GIVEN INFORMATION:
--
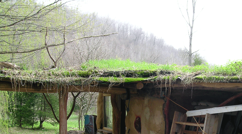 combines some benefits of green roofs with a demo of the necessary layers used in one approach to building sod roofs. One thing I’ve learned is there are almost as many ways to seal your sod as there are sod roofs.
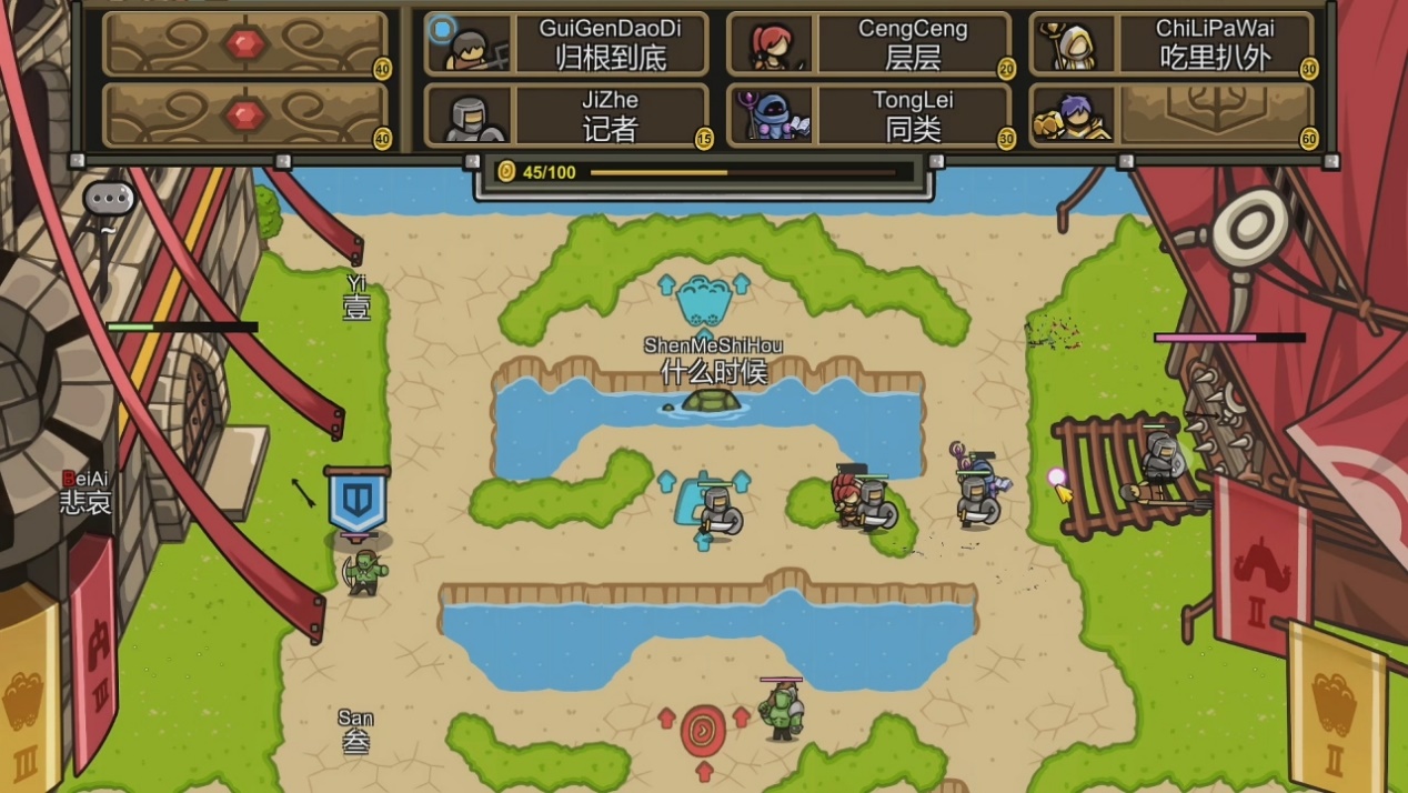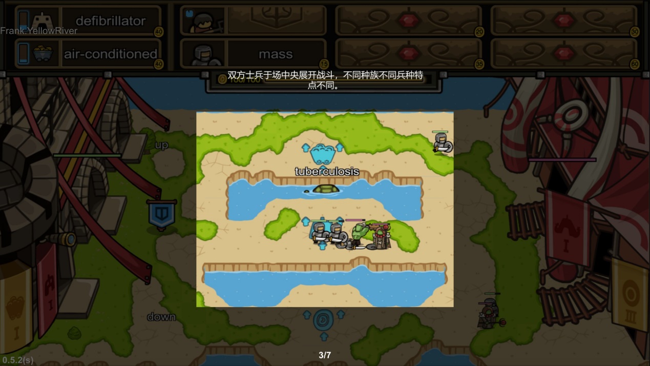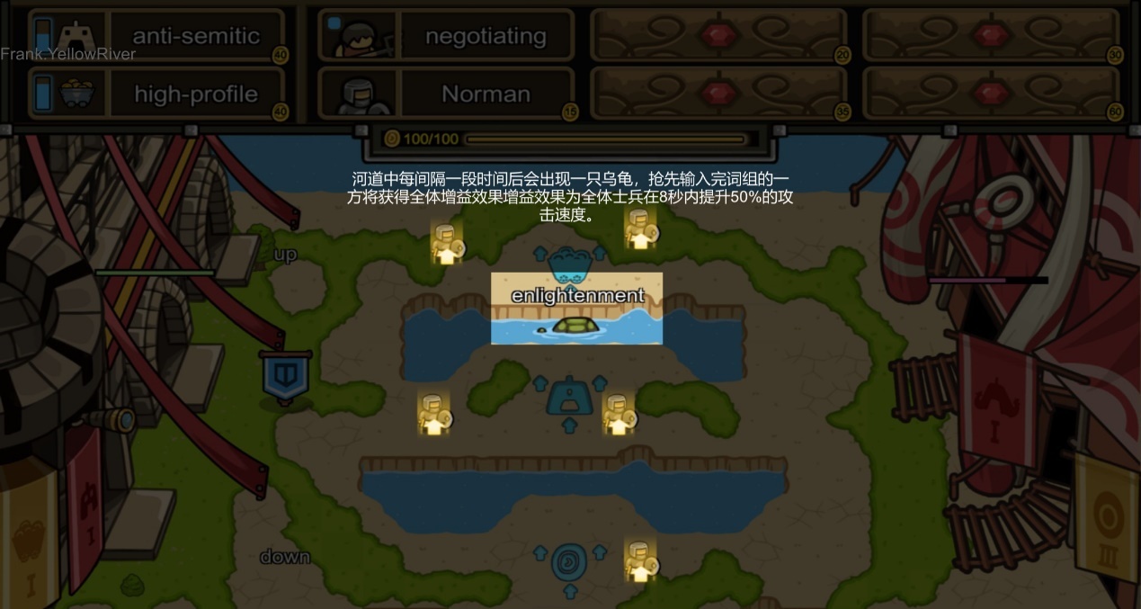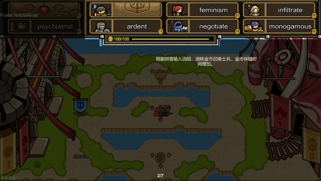 当然,最重要的一点来了,以上所有的游戏元素,从资源升级到基地升级,从选择出兵/防守路,再到选择出兵兵种,最后再到基地的箭塔防守动作,全部依赖一个操作——打字,看屏幕上相应的基地、矿山、兵种、河道生物的图标下出现的词汇和拼音,快速打出拼音,完成相应的操作。
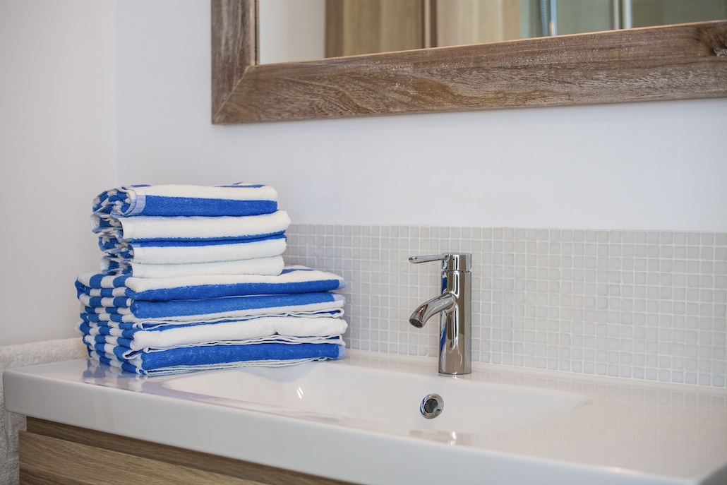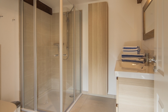 Das Bad hat eine ungewöhnlich große Dusche für eine Ferienwohnungen. Es gibt ausreichend Abstellmöglichkeiten für Kosmetika. Angenehm ist auch das zusätzliche Gäste WC. Unseren Kindern hat besonders gefallen, dass ihr Schlafzimmer nicht direkt neben unserem war, und es keine Streitigkeiten über die Lautstärke des PCs gab.
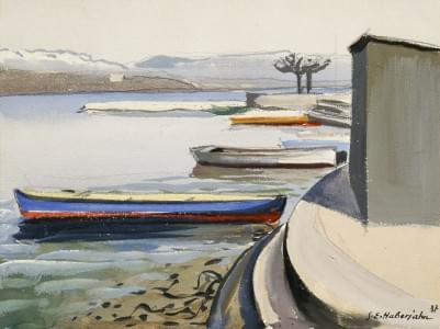 Le Môle, aquarelle et gouache sur papier, signée et datée printe...
--
All of the data above needs to be given again exactly. Leave out each image.

 combines some benefits of green roofs with a demo of the necessary layers used in one approach to building sod roofs. One thing I’ve learned is there are almost as many ways to seal your sod as there are sod roofs.
 当然,最重要的一点来了,以上所有的游戏元素,从资源升级到基地升级,从选择出兵/防守路,再到选择出兵兵种,最后再到基地的箭塔防守动作,全部依赖一个操作——打字,看屏幕上相应的基地、矿山、兵种、河道生物的图标下出现的词汇和拼音,快速打出拼音,完成相应的操作。
 Das Bad hat eine ungewöhnlich große Dusche für eine Ferienwohnungen. Es gibt ausreichend Abstellmöglichkeiten für Kosmetika. Angenehm ist auch das zusätzliche Gäste WC. Unseren Kindern hat besonders gefallen, dass ihr Schlafzimmer nicht direkt neben unserem war, und es keine Streitigkeiten über die Lautstärke des PCs gab.
 Le Môle, aquarelle et gouache sur papier, signée et datée printe...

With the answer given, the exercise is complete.